I started off with the theory of using a sniper rifle. This puzzled some of the Nepalis who assumed that you just put the aiming post on the target and fired, but fortunately the officer in charge of them spoke good English and was on my wavelength. We worked through how the vertical and horizontal scope adjustment worked – and why you had to do it – and they soon got the message that it wasn’t quite as straightforward as they’d thought, particularly in windy conditions.

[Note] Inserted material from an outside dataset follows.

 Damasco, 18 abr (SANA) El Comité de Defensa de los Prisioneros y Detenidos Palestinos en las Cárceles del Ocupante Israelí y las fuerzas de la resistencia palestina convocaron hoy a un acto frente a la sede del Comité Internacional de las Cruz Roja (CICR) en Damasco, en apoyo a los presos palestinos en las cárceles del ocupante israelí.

With the theory explained, we moved on to shooting. Once I got my weapon zeroed, I wanted to demonstrate what we expected from them. I’m a good shot, though I say so myself, and I thought that if I showed them what I could achieve, it would encourage them. I set up two standard ‘Figure 11’ targets and then moved back to the 300-metre point where I fired five rounds. We then moved back to the 600-metre point and I fired a further five rounds. Then we moved back down to inspect my targets. Phew. I’d managed a two-inch group in the 300-metre target and a five-inch group at 600 metres. I couldn’t have shot better even if I’d wanted to.
Now it was their turn. They fired hundreds of rounds a day over the next week, in all kinds of different weather conditions, and by the end of it, most were managing consistent six- to seven-inch groups at 600 metres. Only one guy failed. He simply didn’t have the technique and, after a long discussion w
ith the Nepalese officer, we took him off the course.

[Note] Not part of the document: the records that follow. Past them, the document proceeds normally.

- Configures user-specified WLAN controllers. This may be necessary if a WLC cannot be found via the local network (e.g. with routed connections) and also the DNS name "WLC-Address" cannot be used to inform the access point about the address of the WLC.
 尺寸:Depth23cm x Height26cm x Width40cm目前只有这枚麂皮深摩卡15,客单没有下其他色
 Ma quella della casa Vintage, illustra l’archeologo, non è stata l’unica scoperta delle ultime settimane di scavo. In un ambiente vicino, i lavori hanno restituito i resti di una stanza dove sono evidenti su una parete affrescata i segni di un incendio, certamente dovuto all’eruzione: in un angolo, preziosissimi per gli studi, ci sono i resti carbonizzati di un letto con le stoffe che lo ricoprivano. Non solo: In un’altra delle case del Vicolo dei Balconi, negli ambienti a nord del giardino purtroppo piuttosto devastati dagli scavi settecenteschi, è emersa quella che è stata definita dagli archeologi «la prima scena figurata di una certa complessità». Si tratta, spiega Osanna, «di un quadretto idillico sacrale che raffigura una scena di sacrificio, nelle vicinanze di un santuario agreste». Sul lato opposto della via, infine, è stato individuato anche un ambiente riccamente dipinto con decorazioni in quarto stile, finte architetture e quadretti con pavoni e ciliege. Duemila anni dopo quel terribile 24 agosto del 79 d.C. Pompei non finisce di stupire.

The next part of the training was due to take place at a location high in the mountains above Kathmandu and the plan was to march there to give us all a bit of a workout. Unfortunately I never made it. On the way up, Johnnie ‘Two-Combs’ Howard got appendicitis and, as the team medic, I spent the rest of the deployment looking after him, as I’ve already described.* I didn’t begrudge this. If I hadn’t been there, he wouldn’t have made it. He got his nickname because of his vanity: there was never a hair out of place and his uniform and clothes were always immaculate, but it’s fair to say he was looking pretty rough throughout this period and I think he was pleased that there was only me there to see him.
*See Chapter 7.
Having finished my time in the CRW Wing, I returned to the familiar environment of 8 Troop. Our boss now was a Parachute Regiment officer called Major S who was a real contrast with ET. When I rejoined the troop he took me to one side for a chat and told me that ET had briefed him that I was a problem character but that he had been keeping his eye on me as a result and couldn’t see what he was on about. Major S was a no-nonsense guy in the best traditions of the SAS and had been a platoon commander in 3 Para in the Falklands. I liked him because he was trustworthy and reliable. In later years, like ET, he became a senior general in the army but, unlike ET, I felt that this guy deserved it.

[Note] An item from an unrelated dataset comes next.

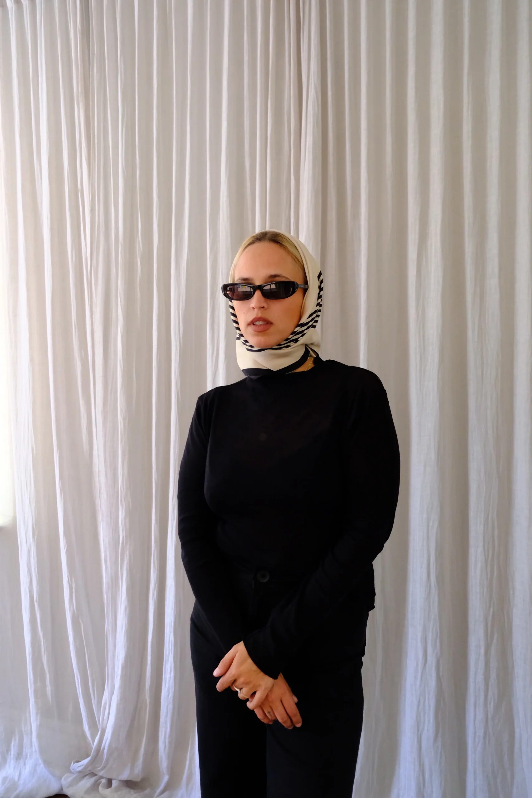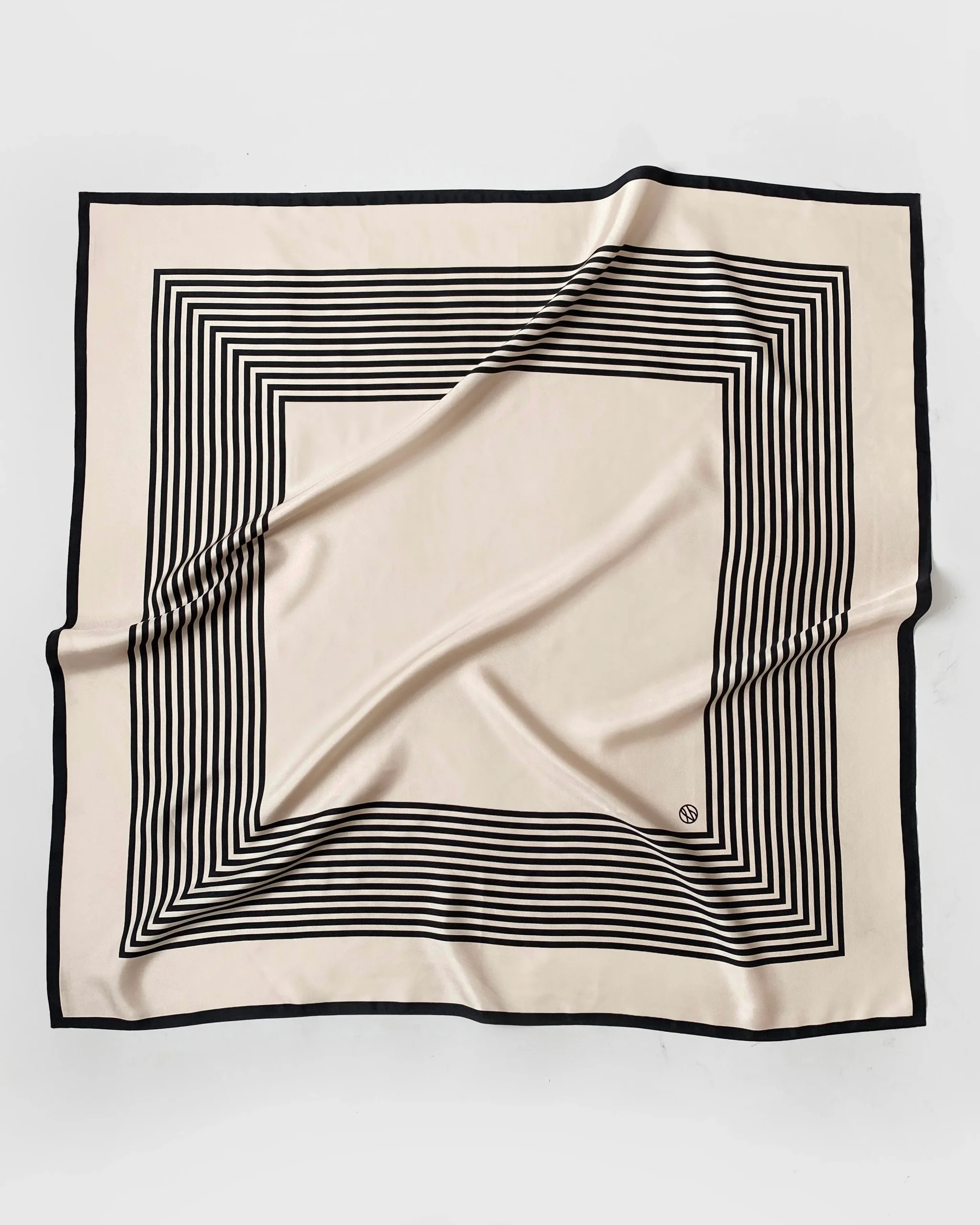 Le Scarf L1001 Silk Scarf 90cm x 90cm Sand & Black Sand & Black
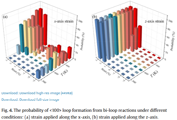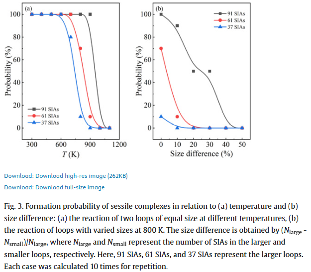 在高能粒子辐照环境下,材料内部会不断产生和演化位错环等缺陷结构,深刻影响材料的微观组织稳定性及服役性能。尤其是在体心立方(bcc)金属中,实验中频繁观测到的 <100> 位错环,因其理论稳定性低、迁移能力弱,其真实形成机制长期以来备受争议,成为辐照损伤物理中的关键科学问题之一。 围绕这一难题,北京航空航天大学吕广宏教授团队以 bcc 铁为模型体系,基于大规模分子动力学模拟,系统研究了外加各向异性应变条件下,1/2<111> 位错环相互作用与 <100> 位错环形成的原子机制。研究发现,应变不仅显著改变位错环反应路径,更可大幅降低反应能垒,从而为 <100> 位错环的“高频出现”提供了全新的物理解释。 该工作在机制层面打通了模拟—实验—预测模型之间的关键链条,为辐照损伤演化评估及抗辐照材料设计提供了重要理论支撑。 文章信息 https://doi.org/10.1016/j.tramat.2025.100008 文章亮点速览 亮点一|应变驱动 <100> 位错环形成 工作内容:通过分子动力学模拟,系统比较了无应变与单轴拉/压应变条件下,两条滑移的 1/2<111> 位错环相互作用行为,首次明确指出:在无应变条件下几乎不可能形成<100> 位错环,而外加各向异性应变可显著促进其生成。 研究价值:突破传统“位错反应需苛刻几何条件”的认知,为实验中<100> 位错环的普遍存在提供合理物理解释。 亮点二|两类原子尺度反应路径 工作内容:研究发现,在不同应变方向下,位错环反应可分别经历共面模式与非共面模式两类演化路径,涉及多中间态、多间隙原子的协同重排过程。 研究价值:系统构建 <100> 位错环形成的完整原子图景,丰富了辐照缺陷动力学的微观认知。 亮点三|应变降低反应能垒 工作内容:结合 NEB 方法与 Arrhenius 分析,定量给出了各关键反应步骤的激活能垒,并揭示其随单轴应变增加而显著降低,部分路径甚至转变为“近乎无能垒”过程。 研究价值:从动力学角度解释了应力/应变环境对辐照缺陷演化的放大效应。 亮点四|形成概率预测模型 工作内容:综合应变幅值与位错环尺寸差异,构建形成概率预测模型,并与分子动力学结果高度一致。 研究价值:为团簇动力学、动力学 Monte Carlo 等多尺度模拟提供可直接嵌入的物理模型。 文章核心图表 结语 总体而言,吕广宏教授团队围绕辐照损伤领域中极具争议的 <100> 位错环问题,从原子尺度出发,系统揭示了外加载应变在调控位错环反应路径与动力学行为中的关键作用。研究不仅澄清了 <100> 位错环“低稳定性却高出现频率”的长期矛盾,也为理解辐照条件下复杂缺陷结构的演化机制提供了坚实的理论依据。 更重要的是,该工作突破了传统位错反应模型对几何条件和尺寸匹配的严格限制,提出了一种更具普适性的形成机制,并通过定量预测模型实现了从微观机制到工程评估的跨越。 该成果对核结构材料、航天服役材料及其他极端环境用材料的辐照损伤评估具有重要指导意义,也为未来应力/应变调控缺陷演化、设计高抗辐照性能材料提供了新的研究思路与方法框架。

It was still all go. Having returned to B Squadron, we were sent off on a team task to work with the President of Nigeria’s personal bodyguard. Ibrahim Babangida had become President of Nigeria after launching a military coup in 1985 with the supposed intent of ending human rights abuses and ushering in a civilian government. In consequence, Margaret Thatcher’s government had sent an SAS training team out to train his bodyguards so that he could finish this task. By 1987, when we were due to go, the patience of the British government was wearing thin. Babangida hadn’t made much effort to institute reforms and there were serious rumours of yet another coup attempt in the offing. Our mission was effectively a last chance. We would be going to train bodyguard instructors – using the best of the bodyguards we’d previously trained – so that they would have no further need to rely on British help: effectively, they could sink or swim.